Please return each of the entries exactly, minus their pictures.

Data records —
▬▬▬▬▬▬

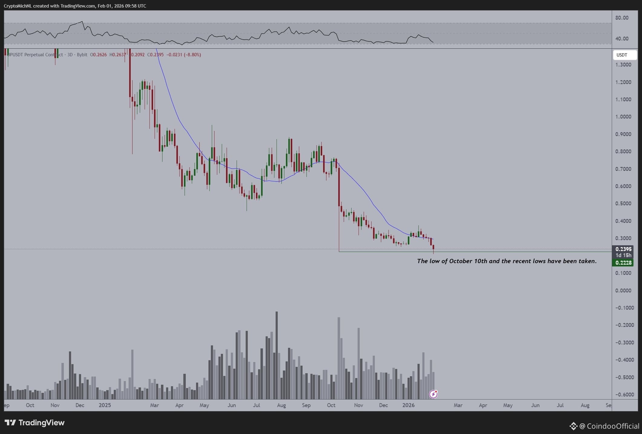 A similar, though slightly more optimistic, view comes from Michaël van de Poppe, who believes the broader crypto market may be transitioning out of capitulation and into an early accumulation phase. He notes that many altcoins have already swept their October 10 lows, taking liquidity beneath recent support levels.
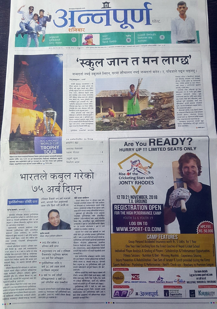 पुनर्निर्माणबाट दाताहरु पन्छिँदै गएपछि सरकार फेरि दाता सम्मेलन गर्न तम्सिएको समाचार अन्नपूर्ण पोष्ट दैनिकमा छ । भूकम्पमा भत्किएका संरचना पुनर्निर्माणका लागि भारतले दिने भने को ७५ अर्ब रुपैयाँ नआउने दाबीसहित अन्नपूर्णले समाचार लेखेको छ ।
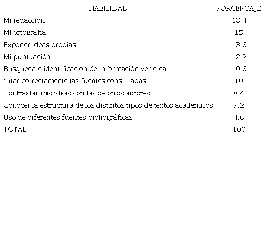 En relación con las habilidades de escritura que creen deberían fortalecer (véase la Tabla 5), destacan la redacción, la ortografía y exponer ideas propias.
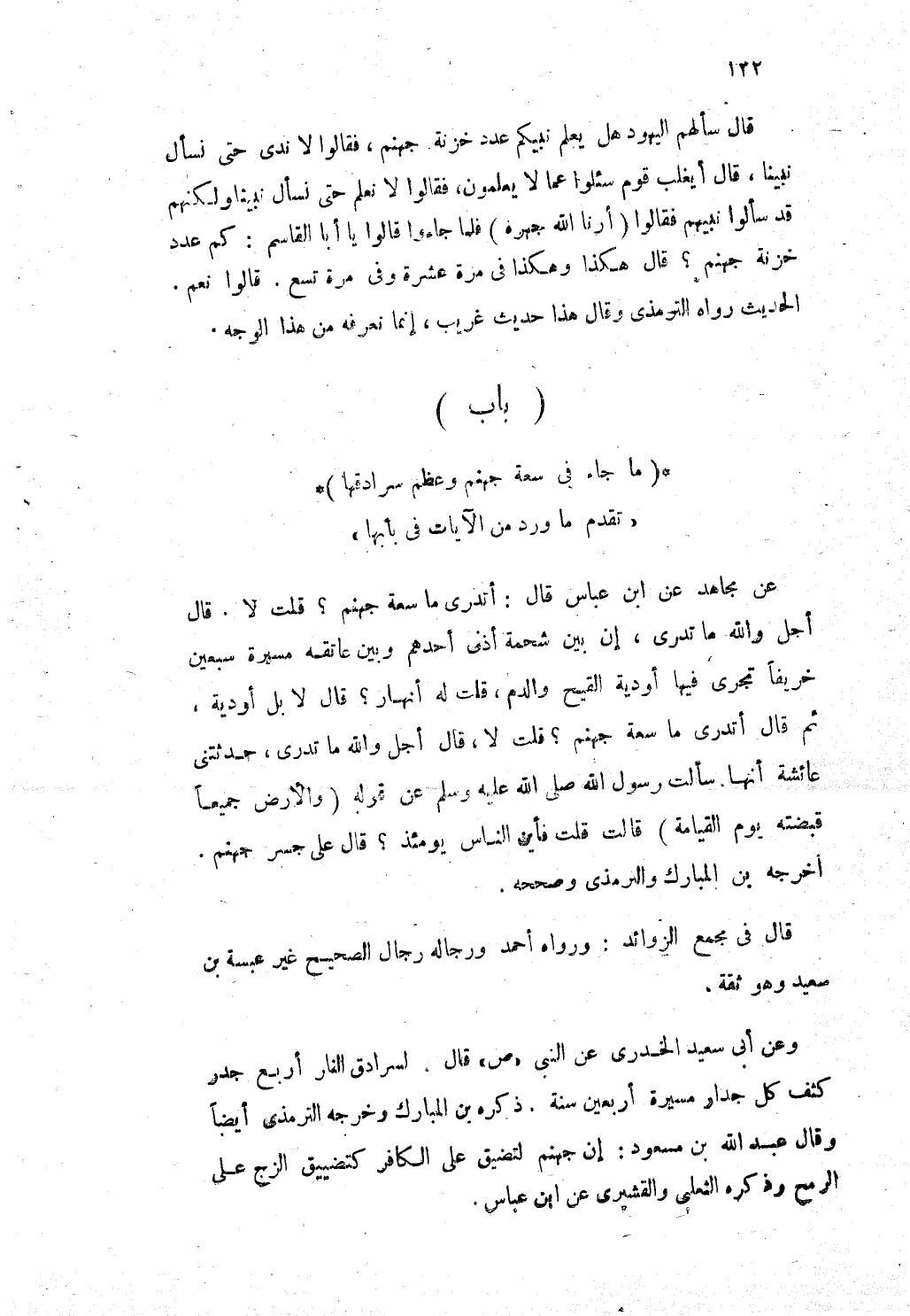 قَالَ سَأَلَهُمْ الْيَهُود هَل يعلم نَبِيكُم عدد خَزَنَة جَهَنَّم فَقَالُوا لَا ندى حَتَّى نسْأَل نَبينَا قَالَ أيغلب قوم سئلوا عَمَّا لَا يعلمُونَ فَقَالُوا لَا نعلم حَتَّى نسْأَل نَبينَا وَلَكنهُمْ قد سَأَلُوا نَبِيّهم فَقَالُوا أرنا الله جهره فَلَمَّا جَاءُوا قَالُوا يَا أَبَا الْقَاسِم كم عدد خَزَنَة جَهَنَّم قَالَ هَكَذَا هَكَذَا فى مرّة عشرَة وفى مرّة تسع قَالُوا نعم الحَدِيث رَوَاهُ الترمذى وَقَالَ هَذَا حَدِيث غَرِيب إِنَّمَا لَا نعرفه من هَذَا الْوَجْه
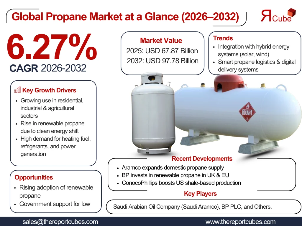 The Report Cube which is one of the leading market research company in UAE expects the Propane Market to grow at a CAGR of around 6.27% through 2032, as highlighted in their latest research report. The study provides an in-depth analysis of the emerging trends shaping the Propane Market and offers detailed forecasts for its potential growth during 2026–2032. The report also presents a comprehensive assessment of the competitive landscape, including profiles of leading players, their performance metrics, and recent strategic developments. Additionally, it explores the key market drivers, challenges, opportunities, and provides insights into historical and future revenue trends at the global, regional, and country levels.
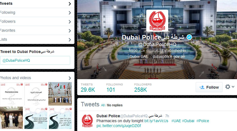Dubai Police, using its twitter handle @DubaiPoliceHQ, has launched a survey to improve its social media communication system.
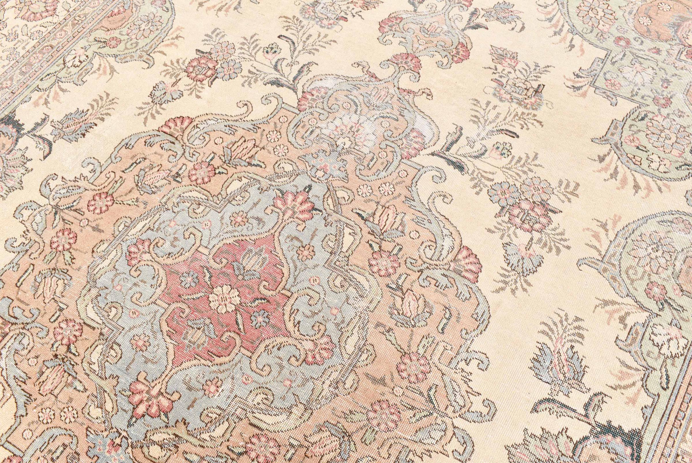 Questi tappeti d'epoca sono antichi tappeti orientali annodati a mano, per lo più tappeti persiani. Un tappeto di questo tipo durerà per tutta la vita. I tappeti sono di solito scoloriti e il vello di lana è ridotto a un livello. Questo conferisce al tappeto un aspetto uniforme e uno stile vintage senza tempo. Solo i tappeti annodati a mano di alta qualità e senza danni sono realizzati come tappeti d'epoca.
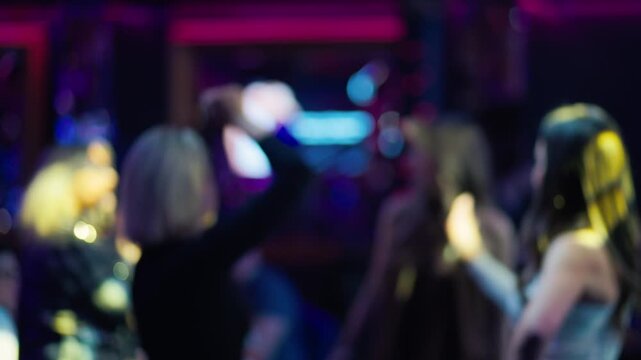 Stylish group enjoying lively night, Bright pink lounge with animated conversations and neon effects
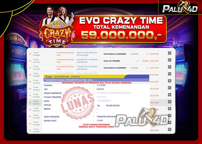 19/11/2025LIVE CASINO PALU4D – Menang Live Games EVO CRAZY TIME Rp 20.000.000.,- LUNAS PALU4D – Menang Live Games EVO CRAZY TIME Rp 20.000.000.,- LUNAS PALU4D – Selamat bagi pemenang yang mendapatkan jackpot hari ini 19 […]
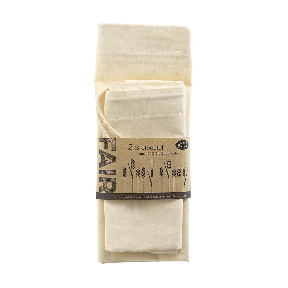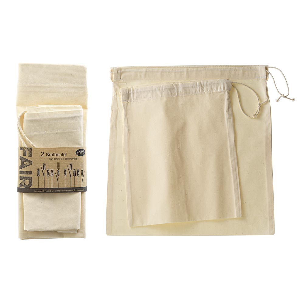 IN1-53-010 Mehrwegbeutel für Brot, 2er Set, naturweiß, Bio-Baumwolle, 1 Beutel 36x39, 1 Beutel 26x32
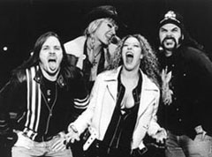 Blaine: I kinda got talked out of putting lyrics, cause you know Aerosmith doesn't put lyrics on. You can pretty much hear most of them. I've always liked bands like the Stones & thought it was cool when you delved farther into the lyrics and thought, wow, these are actually pretty good. The problem with a lot of bands, they are better off just being grunts & when you actual see their lyrics you go, 'woah, I didn't know that they were that dumb'. Ours are always good, if anyone cares to delve into the lyrics & I put a lot of work on them.
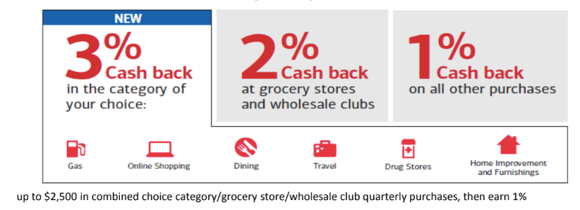 The 2% cash back categories of grocery stores and wholesale clubs are fixed, but the 3% and 2% cash back awards are capped at the first cumulative $2,500 spent in those categories per quarter. As an example, if you spend $2,500 at Sam's Club, which earns 2% cash back in a quarter, all additional purchases with your credit card will receive 1% cash back. If you spend all $2,500 in your 3% category for a quarter, the maximum cash back you could earn is $75 before all your purchases revert to 1% cash back.
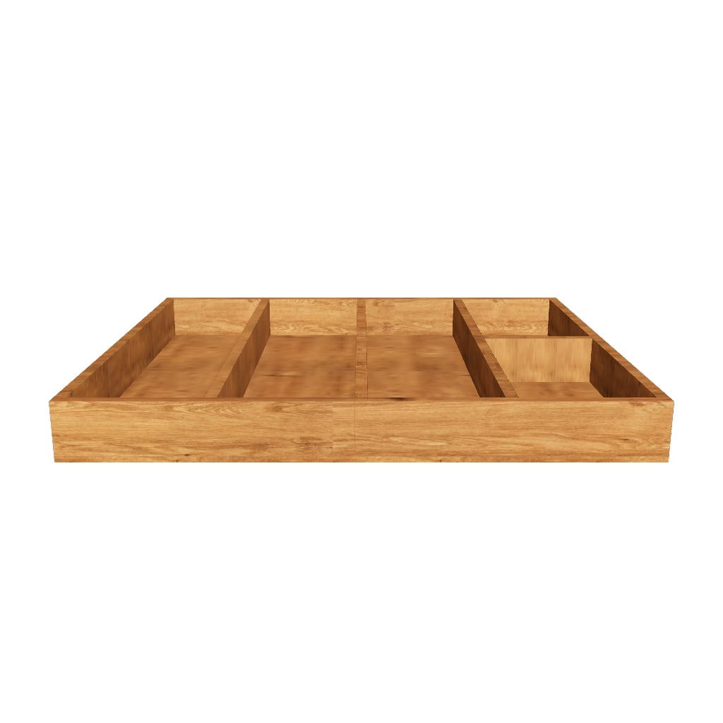Notes: A standard Utensil tray with 3 Long and 2 short compartments for Knives, Forks, Spoons, etc and one Horizontal compartment for teaspoons - can be combined with spice drawer inserts, knife blocks etc.
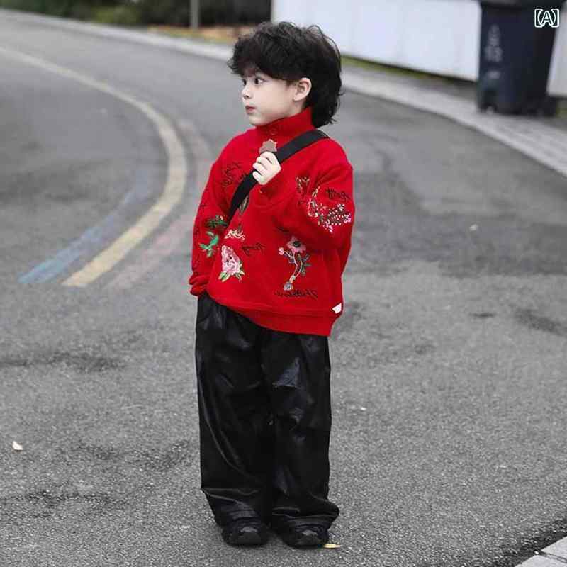 ニット キッズ 子供 秋冬 セーター トップス 高襟 防寒 あったか おしゃれ かわいい 男の子 和風 お正月 普段使い
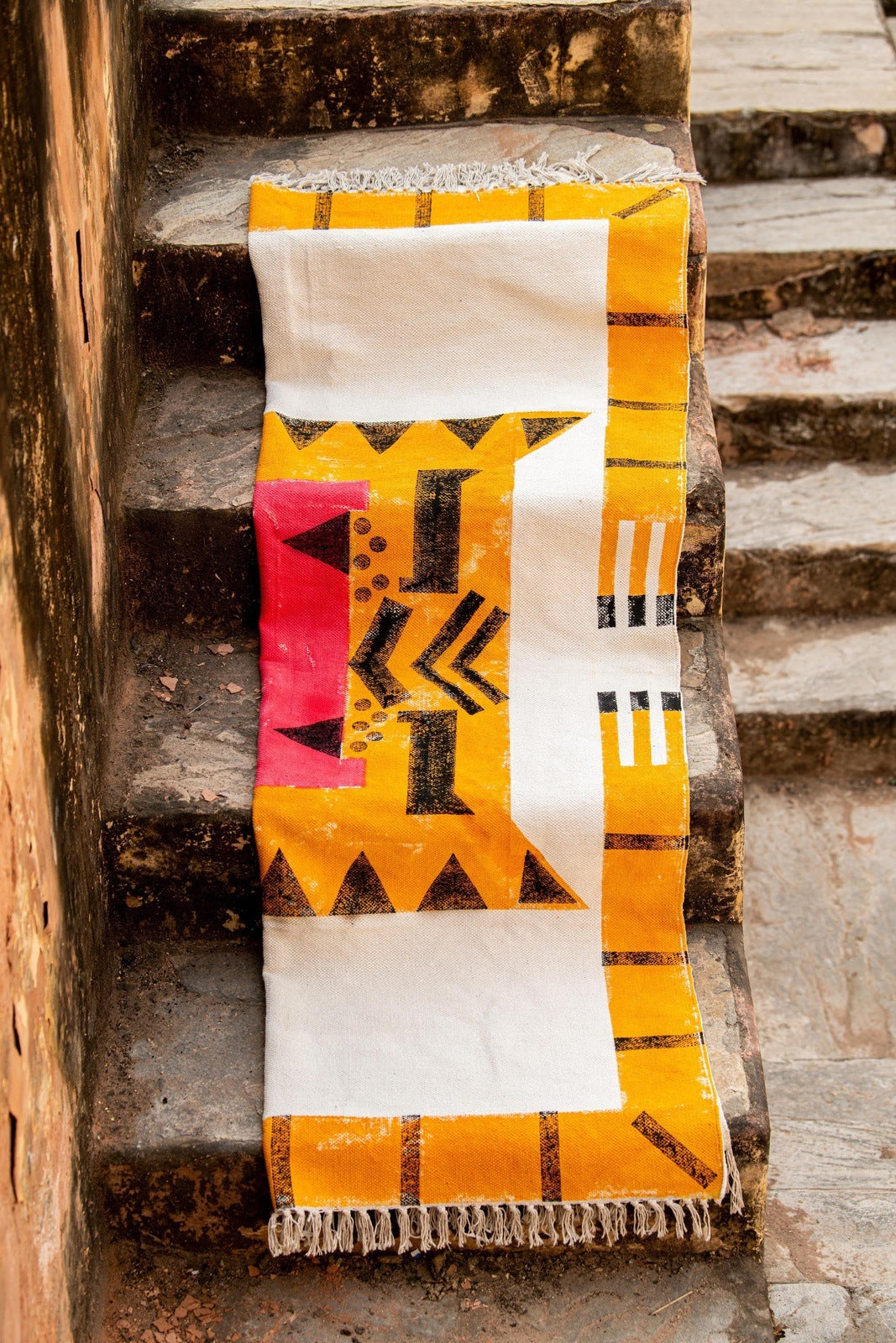 Each rug is handmade, requiring attention from 4 artisans, including wood carvers, block printers, weavers, and dye specialists. The design is hand-pressed onto each rug using hand-carved wooden blocks dipped in dyes. All rugs are made in small batches. Due to the handcrafted nature of this item, expect slight variations in the appearance of each unique piece. - 100% Cotton - Made in India - Ships from California

▬▬▬▬▬▬

Solution below —
 A similar, though slightly more optimistic, view comes from Michaël van de Poppe, who believes the broader crypto market may be transitioning out of capitulation and into an early accumulation phase. He notes that many altcoins have already swept their October 10 lows, taking liquidity beneath recent support levels.
 पुनर्निर्माणबाट दाताहरु पन्छिँदै गएपछि सरकार फेरि दाता सम्मेलन गर्न तम्सिएको समाचार अन्नपूर्ण पोष्ट दैनिकमा छ । भूकम्पमा भत्किएका संरचना पुनर्निर्माणका लागि भारतले दिने भने को ७५ अर्ब रुपैयाँ नआउने दाबीसहित अन्नपूर्णले समाचार लेखेको छ ।
 En relación con las habilidades de escritura que creen deberían fortalecer (véase la Tabla 5), destacan la redacción, la ortografía y exponer ideas propias.
 قَالَ سَأَلَهُمْ الْيَهُود هَل يعلم نَبِيكُم عدد خَزَنَة جَهَنَّم فَقَالُوا لَا ندى حَتَّى نسْأَل نَبينَا قَالَ أيغلب قوم سئلوا عَمَّا لَا يعلمُونَ فَقَالُوا لَا نعلم حَتَّى نسْأَل نَبينَا وَلَكنهُمْ قد سَأَلُوا نَبِيّهم فَقَالُوا أرنا الله جهره فَلَمَّا جَاءُوا قَالُوا يَا أَبَا الْقَاسِم كم عدد خَزَنَة جَهَنَّم قَالَ هَكَذَا هَكَذَا فى مرّة عشرَة وفى مرّة تسع قَالُوا نعم الحَدِيث رَوَاهُ الترمذى وَقَالَ هَذَا حَدِيث غَرِيب إِنَّمَا لَا نعرفه من هَذَا الْوَجْه
 The Report Cube which is one of the leading market research company in UAE expects the Propane Market to grow at a CAGR of around 6.27% through 2032, as highlighted in their latest research report. The study provides an in-depth analysis of the emerging trends shaping the Propane Market and offers detailed forecasts for its potential growth during 2026–2032. The report also presents a comprehensive assessment of the competitive landscape, including profiles of leading players, their performance metrics, and recent strategic developments. Additionally, it explores the key market drivers, challenges, opportunities, and provides insights into historical and future revenue trends at the global, regional, and country levels.
Dubai Police, using its twitter handle @DubaiPoliceHQ, has launched a survey to improve its social media communication system.
 Questi tappeti d'epoca sono antichi tappeti orientali annodati a mano, per lo più tappeti persiani. Un tappeto di questo tipo durerà per tutta la vita. I tappeti sono di solito scoloriti e il vello di lana è ridotto a un livello. Questo conferisce al tappeto un aspetto uniforme e uno stile vintage senza tempo. Solo i tappeti annodati a mano di alta qualità e senza danni sono realizzati come tappeti d'epoca.
 Stylish group enjoying lively night, Bright pink lounge with animated conversations and neon effects
 19/11/2025LIVE CASINO PALU4D – Menang Live Games EVO CRAZY TIME Rp 20.000.000.,- LUNAS PALU4D – Menang Live Games EVO CRAZY TIME Rp 20.000.000.,- LUNAS PALU4D – Selamat bagi pemenang yang mendapatkan jackpot hari ini 19 […]
 IN1-53-010 Mehrwegbeutel für Brot, 2er Set, naturweiß, Bio-Baumwolle, 1 Beutel 36x39, 1 Beutel 26x32
 Blaine: I kinda got talked out of putting lyrics, cause you know Aerosmith doesn't put lyrics on. You can pretty much hear most of them. I've always liked bands like the Stones & thought it was cool when you delved farther into the lyrics and thought, wow, these are actually pretty good. The problem with a lot of bands, they are better off just being grunts & when you actual see their lyrics you go, 'woah, I didn't know that they were that dumb'. Ours are always good, if anyone cares to delve into the lyrics & I put a lot of work on them.
 The 2% cash back categories of grocery stores and wholesale clubs are fixed, but the 3% and 2% cash back awards are capped at the first cumulative $2,500 spent in those categories per quarter. As an example, if you spend $2,500 at Sam's Club, which earns 2% cash back in a quarter, all additional purchases with your credit card will receive 1% cash back. If you spend all $2,500 in your 3% category for a quarter, the maximum cash back you could earn is $75 before all your purchases revert to 1% cash back.
Notes: A standard Utensil tray with 3 Long and 2 short compartments for Knives, Forks, Spoons, etc and one Horizontal compartment for teaspoons - can be combined with spice drawer inserts, knife blocks etc.
 ニット キッズ 子供 秋冬 セーター トップス 高襟 防寒 あったか おしゃれ かわいい 男の子 和風 お正月 普段使い
 Each rug is handmade, requiring attention from 4 artisans, including wood carvers, block printers, weavers, and dye specialists. The design is hand-pressed onto each rug using hand-carved wooden blocks dipped in dyes. All rugs are made in small batches. Due to the handcrafted nature of this item, expect slight variations in the appearance of each unique piece. - 100% Cotton - Made in India - Ships from California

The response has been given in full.